The unconscious eater is triggered by eating while doing something else. Do you find yourself eating lunch at your desk more often than not? Or eating while reading a book? Or struggling when you do actually have to sit down and experience your food? You might engage in some unconscious eating and wonder where that food you just ate went! You don’t even remember eating it!



The chaotic unconscious eater

Similar to the unconscious eater, the chaotic unconscious eater is triggered by being too busy. You’re always eating on the run and grabbing whatever food is available at the moment. In this scenario, you are also unaware of what you just put in your mouth - you have other, more important things to be worried about to stop and eat.


The refuse-not eater

The refuse-not eater is someone that is tempted by the presence of food. Potlucks, parties, and other events tend to trigger overeating or eating foods that you don’t necessarily need. You may have just eaten a big lunch, but those snacks in the break room are too appealing.
If you are a refuse-not eater, you rarely say no when someone offers you something. But, you often feel guilty afterward because you feel like you have no self-control or can’t say no to something you know you don’t really need even though it looks appealing.


The waste-not eater

The waste-not eater is similar to the refuse-not eater in that they are triggered by the presence of food, but especially free food. Buffets, break rooms, events. All of this brings out the lack of self-control.

If you find yourself a waste-not eater, you likely get a little stressed about upcoming events or places you know there will be free food because you’re certain you’ll have no self-control over it.


The emotional eater

I'd be willing to bet we all fit into this category at some time or another! he emotional eater is triggered to eat by whatever emotion they are currently experiencing.

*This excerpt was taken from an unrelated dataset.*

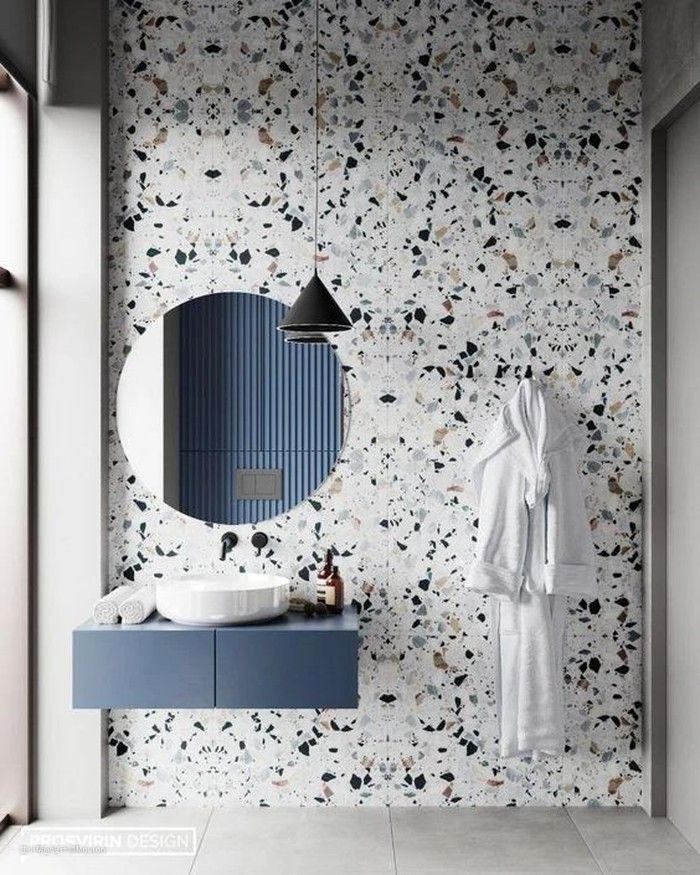 凹凸痕纹理的蓝色波浪砖更有质感,局部运用,会给你带来一面独一无二的背景墙。搭配水磨石的纹理,如同沙滩与浪花,清新自然,富有律动。
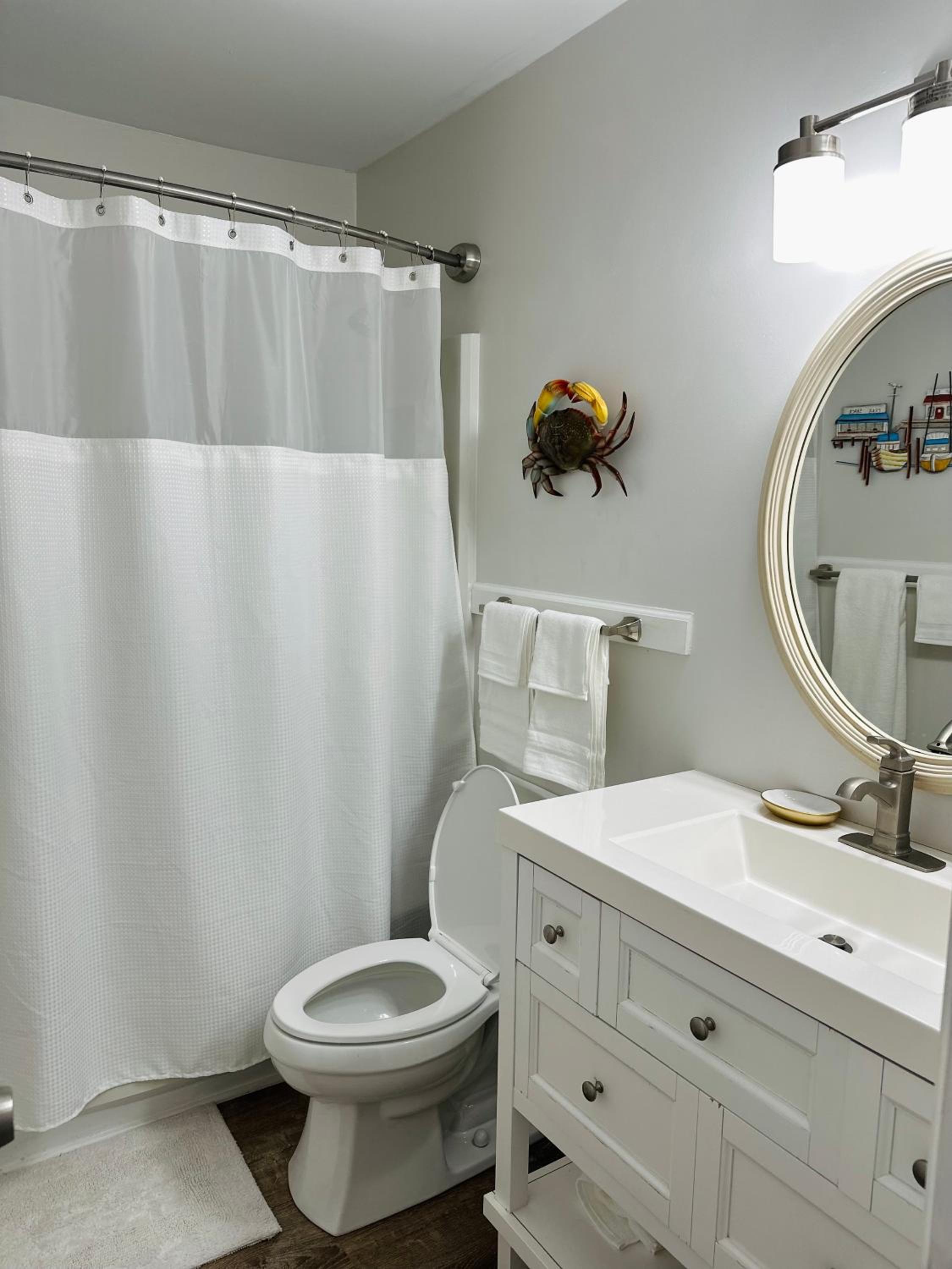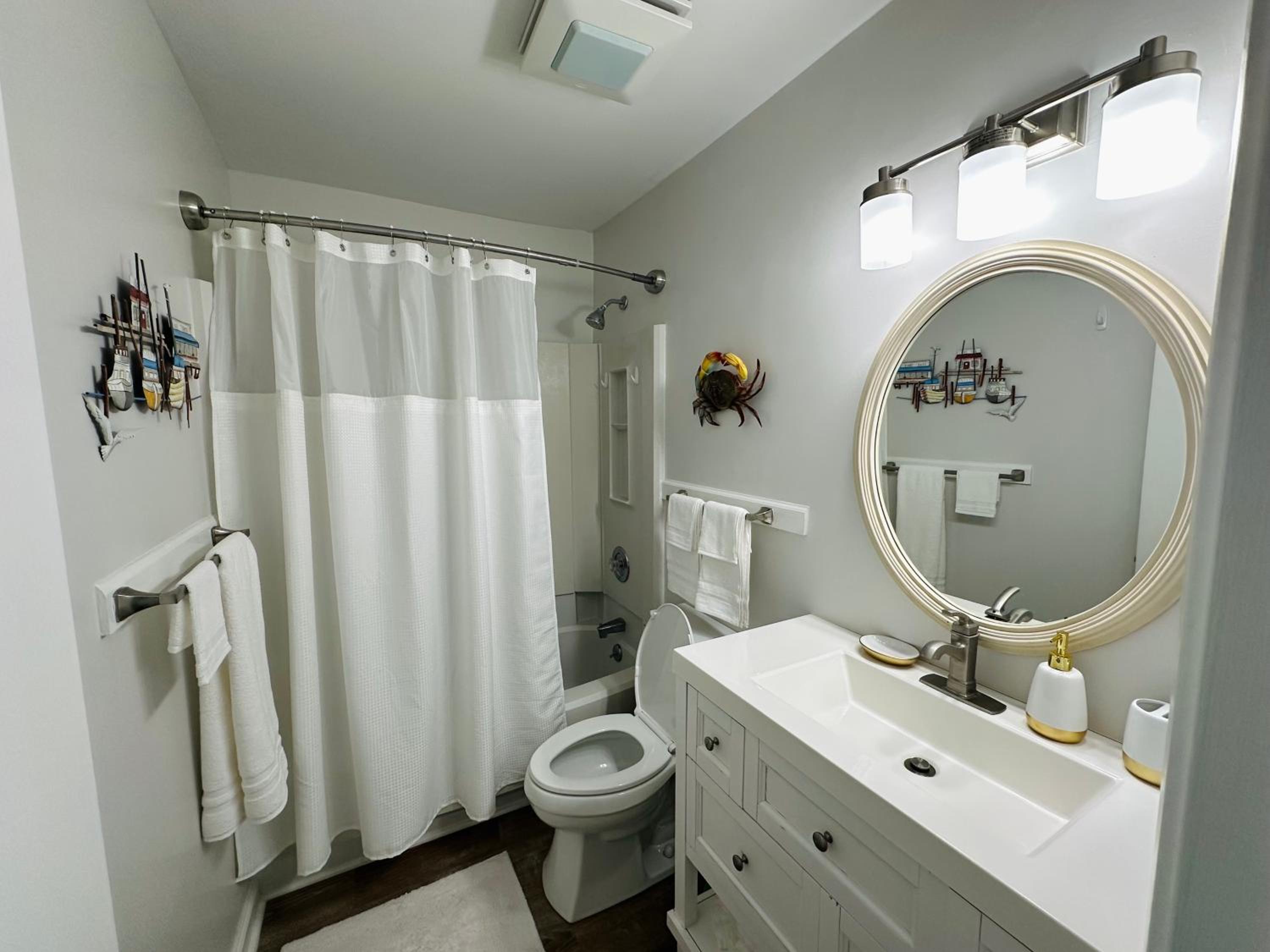 Two bedrooms, two bathrooms, and a cozy living room for a comfortable stay.

Most people see emotional eating as being curled up on the couch with a pint of ice cream and some potato chips (because when you’re having a bad day, of course those two things go together!).

But emotional eating is much more than that.

Emotional eating is eating when experiencing any sort of emotion. You could be excited and feel like you should celebrate with food, or angry and frustrated and need something crunchy, or sad and need something sweet. Emotional eaters use food to deal with their emotions most of the time. This means they turn to food when they experience anything that is uncomfortable or extreme.

Ok, now that we’ve explored the 7 different eating styles, which one or ones resonates with you most? Do you find yourself agreeing with one or several of them? This can give you a good snapshot of what your relationship with food looks like at the current moment and the things you might want to start working on.

The key to managing these eating styles is to figure out your trigger (such as eating chaotically because you are busy) and then either change it or reframe it. For example, if you are too busy to sit down and eat, then try to make sure you have some good, healthy food options around you at all times so you can grab and go on the run. Try your best to mindfully eat those foods as you drive or whatever else, but at least you know you’re getting better nutrition than stopping at the next fast food place.

I've included the link to a handout outlining the 7 eating styles along with an area for you to create a plan for yourself. It also has recommendations for strategies to use to help you eat more mindfully no matter what eating style you relate to. Or, come up with your own strategies that work for you!

Understanding how you eat is the first step in making any changes. You can do this!